18. The method of claim 16, wherein the dictionary stores a new
data pattern associated with context indices m.sub.k, m.sub.k-1, .
. . , m.sub.1, m.sub.0 and index n, and assigns the new data
pattern a new index.
19. The method of claim 3, wherein the encoder is an arithmetic
encoder.
20. The method of claim 3, wherein the encoder is a Huffman
encoder.
21. The method of claim 19, wherein the encoder receives
statistical information from the statistical model and indices from
the dictionary.
22. The method of claim 21, wherein the statistical information
includes frequency of occurrence of each index.
23. The method of claim 22, wherein the encoder uses fewer bits to
encode a first index with a higher frequency of occurrence than to
encode a second index with a lower frequency of occurrence.

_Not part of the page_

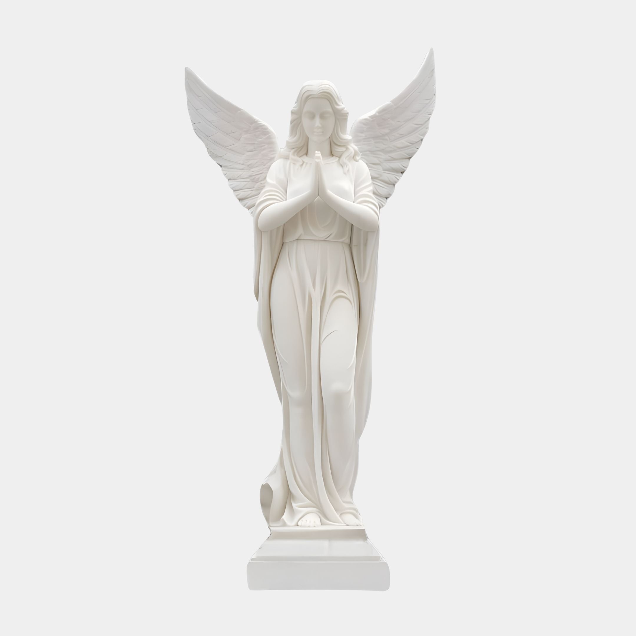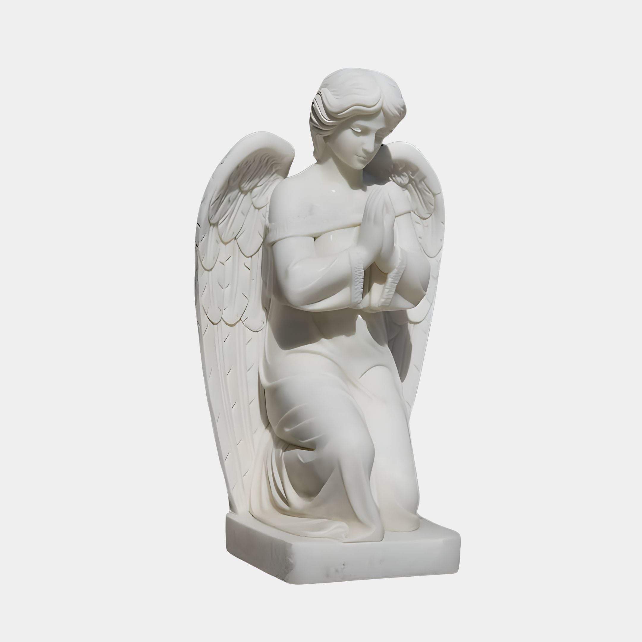 Kneeling Prayer Angel Marble Outdoor Sculpture - 120cm

24. A system for data compression, comprising: a data buffer for
storing data; a data compressor configured to compress data from
the data buffer, comprising: a dictionary configured to determine
an index for one or more patterns; a statistical model configured
to measure the frequency of occurrence of the one or more patterns;
and an encoder configured to use statistical information from the
statistical model to encode indices received from the
dictionary.
25. The system of claim 24, further comprising: a data transformer
configured to apply a transform function to data in the data
buffer; and a quantizer configured to quantize the data in the data
buffer.
26. The system of claim 24, wherein the dictionary includes a
bounded number of indices and corresponding data locations.

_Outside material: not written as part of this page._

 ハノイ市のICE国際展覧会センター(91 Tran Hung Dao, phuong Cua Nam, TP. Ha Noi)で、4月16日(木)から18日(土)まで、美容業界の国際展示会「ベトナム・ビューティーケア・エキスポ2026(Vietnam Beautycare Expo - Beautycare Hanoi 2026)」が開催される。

27. The system of claim 26, wherein the dictionary is a
one-dimensional array.
28. The system of claim 26, wherein the dictionary is tree
based.
29. The system of claim 26, wherein the dictionary is a hash
table.
30. The system of claim 24, wherein the statistical model is a
two-dimensional array.
31. The system of claim 24, wherein the statistical model is a
tree.
32. The system of claim 24, wherein the statistical model is a
list.
33. The system of claim 24, wherein the statistical model is a hash
table.
34. The system of claim 24, wherein the encoder is an arithmetic
encoder.
35. The system of claim 24, wherein the encoder is a Huffman
encoder.
36. A system for data compression, comprising: a data compressor
configured to compress data, comprising: a dictionary configured to
determine an index for one or more patterns; a statistical model
configured to measure the frequency of occurrence of the one or
more patterns; and an encoder configured to use statistical
information from the statistical model to encode indices received
from the dictionary.
37. The system of claim 36, wherein the dictionary includes a
bounded number of indices and corresponding data locations.

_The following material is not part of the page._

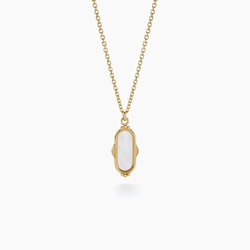 Collier Or Jaune 375/1000 Ovale Nacre Blanche Effet Perle Maille Jaseron 40+2cm

38. The system of claim 37, wherein the dictionary is a
one-dimensional array.
39. The system of claim 37, wherein the dictionary is tree
based.
40. The system of claim 37, wherein the dictionary is a hash
table.
41. The system of claim 36, wherein the statistical model is a
two-dimensional array.
42. The system of claim 36, wherein the statistical model is a
tree.
43. The system of claim 36, wherein the statistical model is a
list.
44. The system of claim 36, wherein the statistical model is a hash
table.
45. The system of claim 36, wherein the encoder is an arithmetic
encoder.
46. The system of claim 36, wherein the encoder is a Huffman
encoder.
47. A computer-readable medium storing instructions for causing a
computer to compress data, by performing the steps of: receiving a
data file having data patterns; storing received data patterns in a
dictionary; assigning an index to each data pattern in the
dictionary; storing the index of each data pattern in the
dictionary; accumulating statistical information about each index;
encoding each index using the statistical information; and clearing
stored indices and stored data patterns in the dictionary when
another data file is received.
48. A system for data compressing, comprising: means for receiving
a data file having data patterns; means for storing received data
patterns in a dictionary; means for assigning an index to each data
pattern in the dictionary; means for storing the index of each data
pattern in the dictionary; means for accumulating statistical
information about each index; means for encoding each index using
the statistical information; and means for clearing stored indices
and stored data patterns in the dictionary when another data file
is received.
49. A computer-readable medium storing instructions for causing a
computer to compress data, by performing the steps of: receiving a
data file having data patterns; storing received data patterns in a
dictionary; assigning an index to each data pattern in the
dictionary; storing the index of each data pattern in the
dictionary; accumulating statistical information about each index;
and encoding each index using the statistical information.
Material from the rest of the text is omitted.